The utility said Bill Smith, a retired AT&T executive and current PG&E board member, will serve as interim CEO after Johnson’s departure and until a new chief executive is appointed.

Andrew Vesey, CEO of Pacific Gas and Electric, the primary utility subsidiary of PG&E, will continue in his role, PG&E said.

“Mr. Johnson’s resignation … does not involve any disagreement on any matter relating to PG&E Corp.’s or the utility’s operations, policies or practices,” the company said in a filing Wednesday with the U.S. Securities and Exchange Commission.

Johnson’s Tenure

Johnson, the former head of the Tennessee Valley Authority, joined PG&E on May 1, 2019, with a mandate to lead the company out of the bankruptcy it had entered 15 weeks before. He replaced former CEO Geisha Williams, who led the company during the worst of its fires and stepped down in January 2019.
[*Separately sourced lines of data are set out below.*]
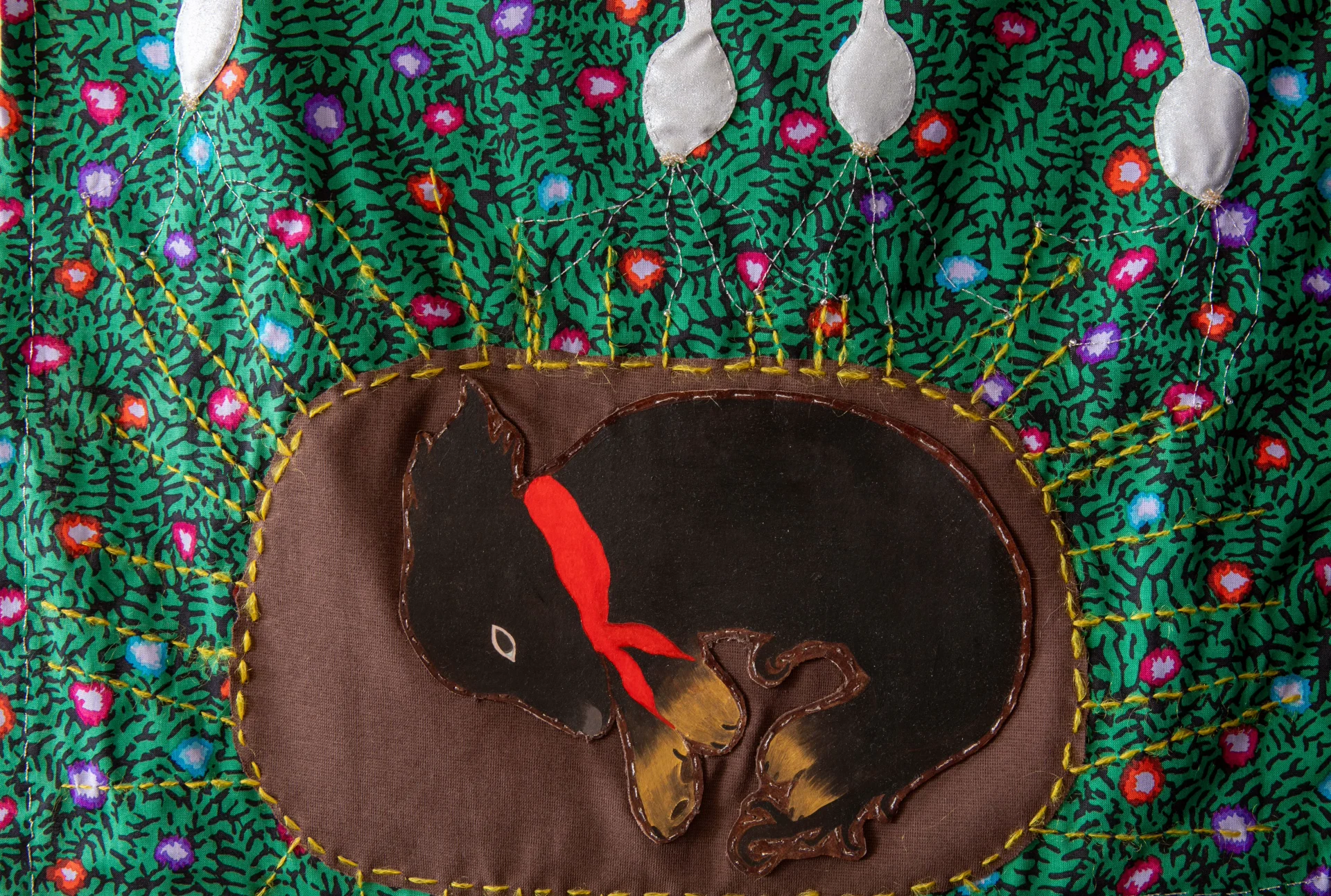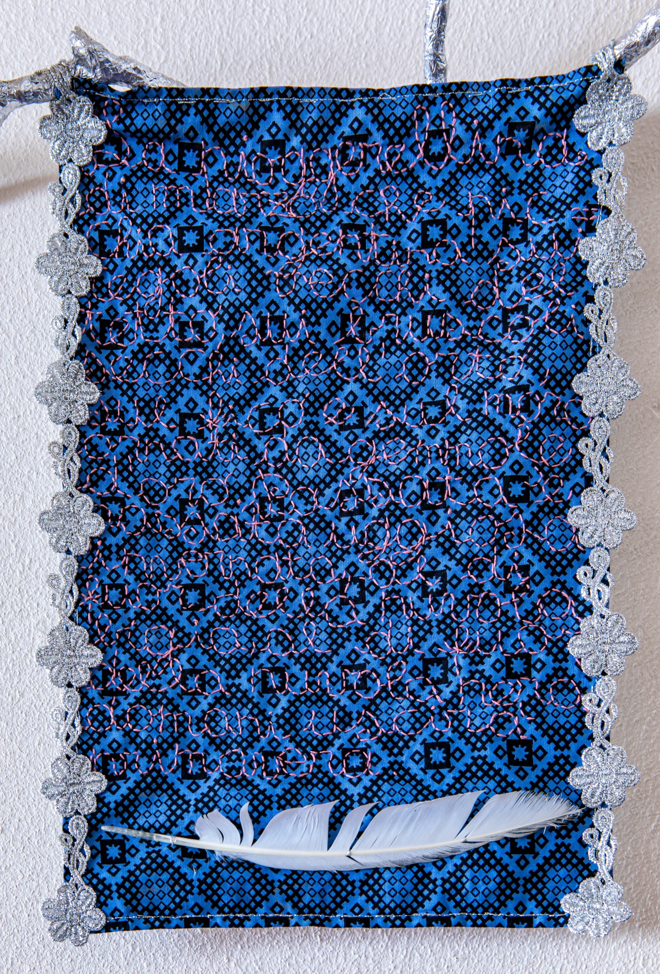 In Italien ist diese Nähtechnik, die mit Stickerei verbunden ist, sehr alt und wird üblicherweise von Großmüttern an ihre Enkel oder von Müttern an ihre Töchter weitergegeben. Ich habe mein Wissen von den Frauen meiner Familie erlangt, erzähle Geschichten und zeige Bilder, indem ich nähe. Es sind Bilder aus meiner Kindheit und von den Abenteuern im Tal. Einige der verwendeten Stoffe stammen von Schürzen meiner Urgroßmutter und wurden mit Borten und Elementen kombiniert, die ich in den Wäldern des Tals gesammelt habe, darunter auch Silberzweige.
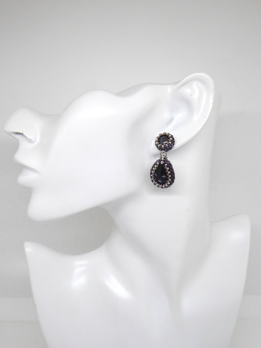 Les cabochons de pierres fines sont sertis en tissage de perles, au fil et à l'aiguille, et montés en boucles d'oreilles sur des attaches en métaux hypoallergéniques afin d'éviter toute allergie : argent 925/1000, argent 925/1000 doré à l'or fin, gold-filled 14k (or laminé 585/1000).
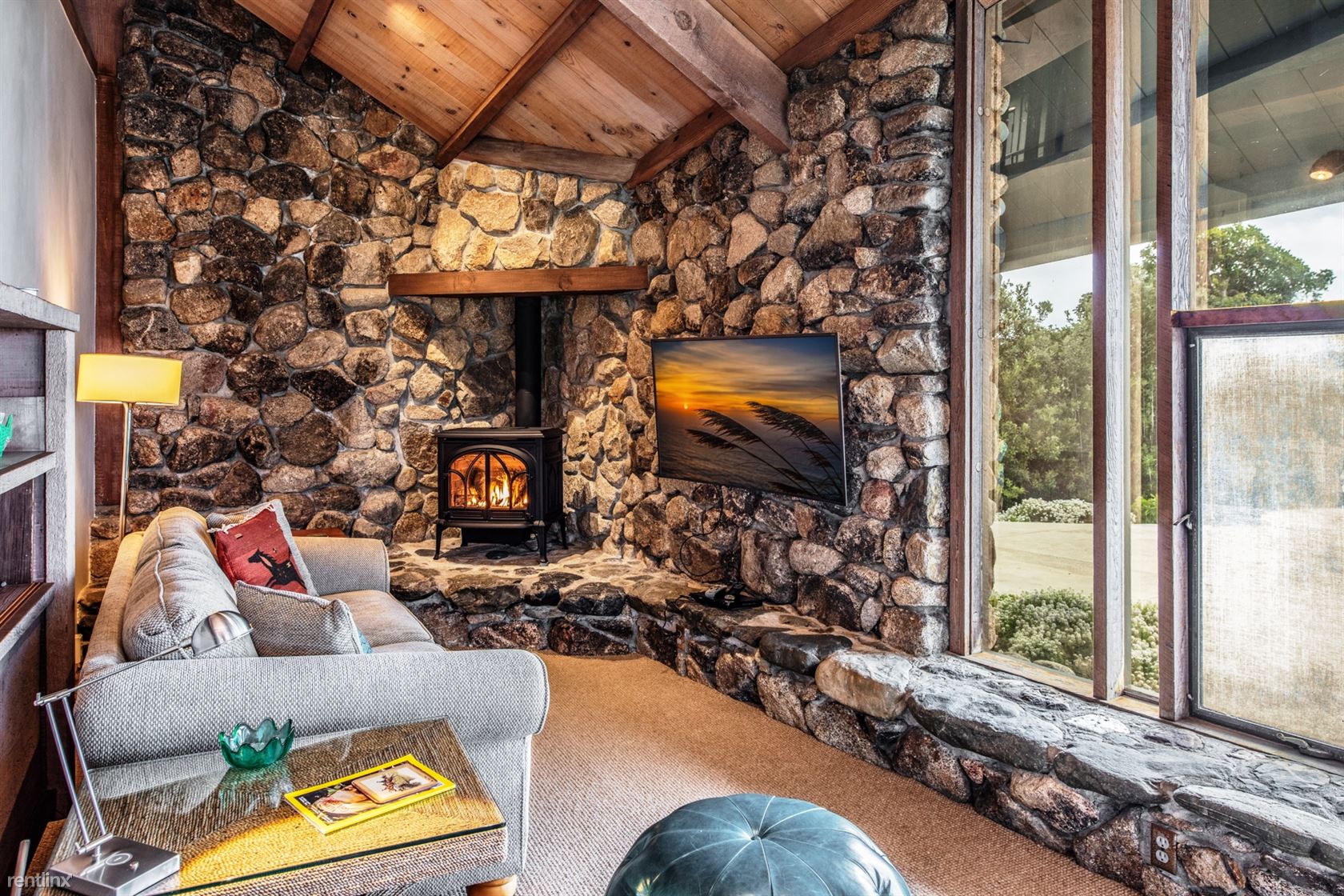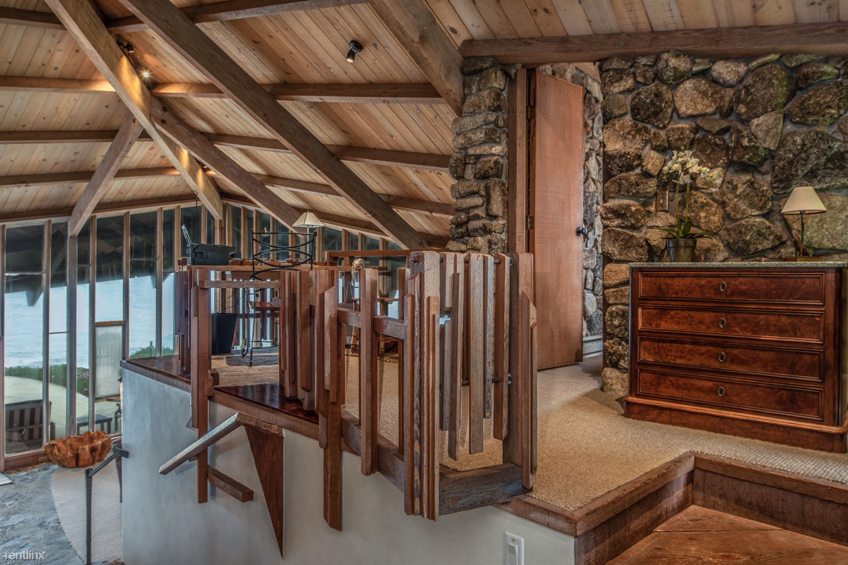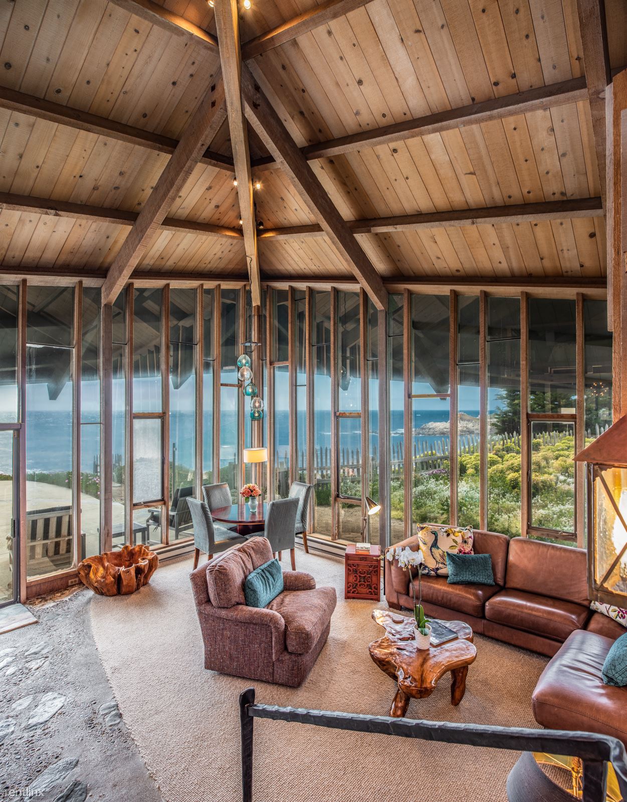 Flanked by windswept cypress trees and a small garden with bougainvillea, roses and hydrangea, the home includes intriguing mid century touches such as vintage pendant lighting, natural stone interior walls and stone steps inside the home. An oceanfront patio offers stone benches and a table, an ideal place to meditate or to watch whales and sunsets.

Johnson served for six years as head of TVA, the federally owned electricity supplier in the Southeastern U.S. He was previously president of Progress Energy, which merged with Duke Energy in 2012. Johnson served as CEO of Duke for less than a day before leaving with a $44 million severance package, according to news reports at the time.

His compensation at PG&E has included a $2.5 million base salary, a one-time transition payment of $3 million and an annual equity award with a target of $3.5 million.

He also received performance-based stock options that could become valuable if PG&E’s stock price increases to more than $25/share in the next four years, according to PG&E’s 2019 proxy statement filed with the SEC. If PG&E stock were to return to its prior worth of roughly $47 to $70/share, he could make tens of millions of dollars by exercising his options.

PG&E also said Wednesday it would release its first-quarter earnings report on May 1 before the market opens and will host an earnings call with financial analysts.

PG&E Bill Johnson
Public safety power shutoffs were a major source of controversy for PG&E in 2019 during Johnson’s tenure. | PG&E

The company’s stock has been on a roller coaster since Johnson took the reins, based largely on news of how PG&E was faring in its fight to exit bankruptcy.

The stock fell as low as $5/share on Oct. 25, 2019, as a wildfire its equipment was suspected of starting burned through Sonoma County wine country, and the company instituted massive blackouts throughout Northern and Central California to prevent additional fires. Johnson bore the brunt of heavy criticism from the public and elected officials over the blackouts. (See PG&E Stock Plummets amid Wildfires, Shutoffs.)

PG&E stock rose to nearly $24/share last June, after California Gov. Gavin Newsom pitched a plan to insure PG&E and other utilities against wildfire liabilities going forward. PG&E is trying to exit bankruptcy by June 30 to participate in the $21 billion insurance fund under the terms of last year’s Assembly Bill 1054. The program will be paid for equally by ratepayers and utilities.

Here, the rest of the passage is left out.